There might not be a bigger hockey fan in the NHL than Kane, so it was no surprise that the Blackhawks’ star forward was captivated by the entertaining and riveting gold-medal game.
“It was just fun to watch,” Kane said. “I went back home after [the Blackhawks-Senators] game, turned it on and I was watching it with my girlfriend and she’s like, ‘Do you have money on this game?’ I was pretty into the game, and kind of up and down with every play that was happening. I felt like a true fan. It was fun to watch.”
Defenseman Jan Rutta, who returned from injured reserve after missing seven games with an injury, had a goal and an assist Friday. Rutta played only two of the Hawks’ previous 15 games.

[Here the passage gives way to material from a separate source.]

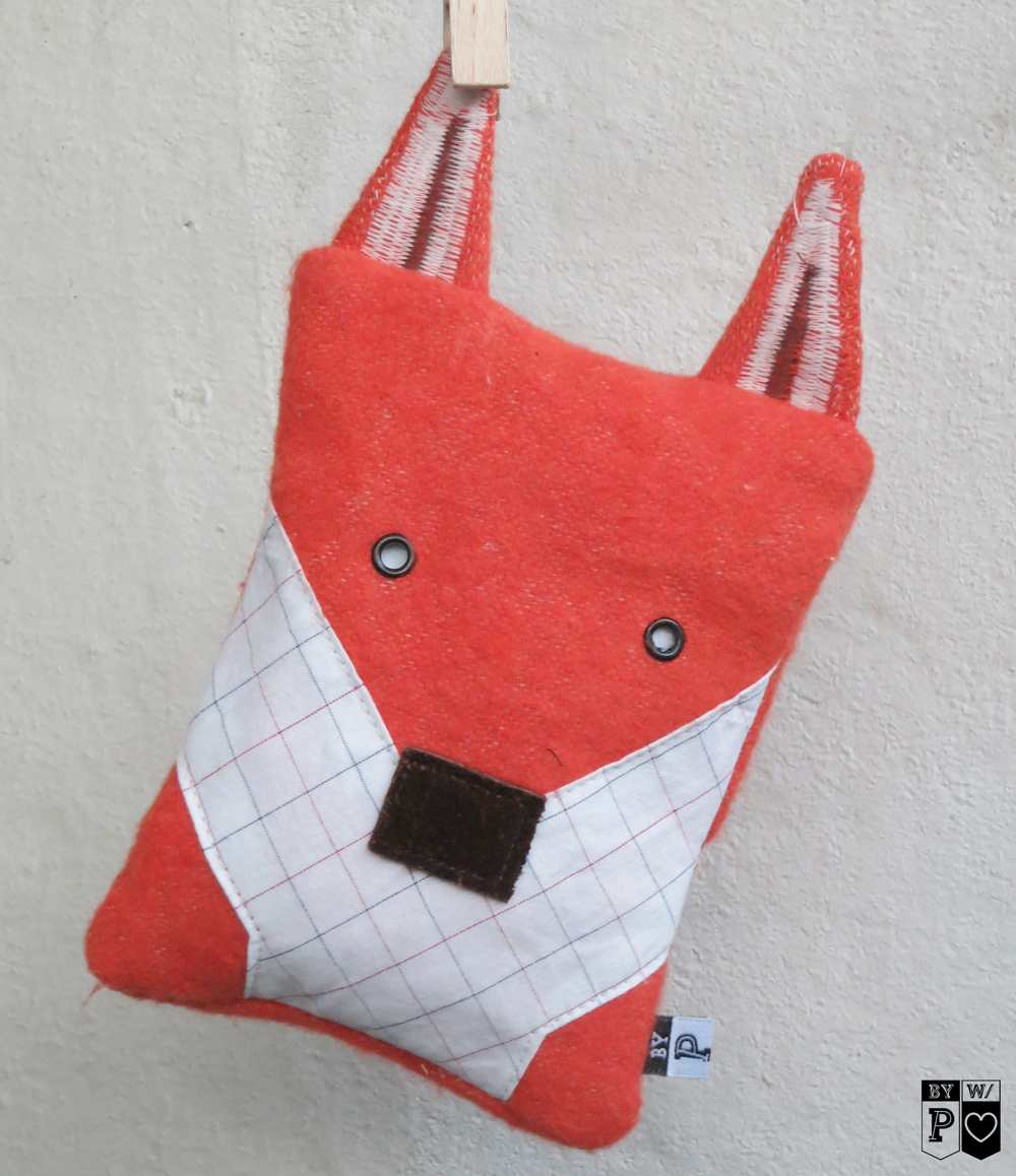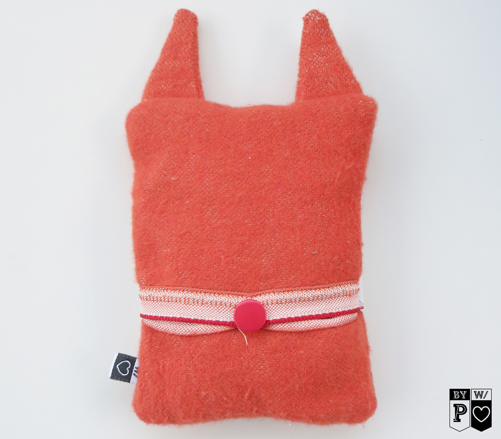 Und so sieht Foxi von hinten aus. Mit KamSnap Druckknopf um das Innenkissen mit den Zirbenspänen herausnehmen zu können, sollte Foxi einmal in die Waschmaschine müssen.

“As a player you always want to do your best,” Rutta said. “It’s tough to know why it’s not going as well as it was. Maybe after the season I can think about it a little bit more. I’m just really happy to be back in the lineup and be playing again.”

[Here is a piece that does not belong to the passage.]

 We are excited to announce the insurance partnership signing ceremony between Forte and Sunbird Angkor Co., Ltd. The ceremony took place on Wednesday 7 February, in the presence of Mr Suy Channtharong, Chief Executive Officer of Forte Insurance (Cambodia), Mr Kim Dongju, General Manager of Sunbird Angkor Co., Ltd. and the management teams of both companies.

Like just about everybody else, Rutta is searching for consistency. He had two goals and four points and was a plus-7 in the Hawks’ first three games this season. He’s a minus-14 since then.
“But there’s still some upside to his game,” coach Joel Quenneville said. “The way he began, he could be useful in a lot of ways.”
Monday’s trade deadline isn’t necessarily a distraction for players, but it can be an annoyance in this day and age.
“It almost gets worse every year with the social media,” defenseman Connor Murphy said. “I think the hardest thing are the rumors about players, things that can come from nothing. It’s a funny thing with Twitter — anyone can put something out there that can mean nothing.
“But it’s part of the business. I think everyone continues to play hard on the ice. And when it comes down to those last couple of days, you’re on the phone a little bit seeing if something happens. You try not to think about it.”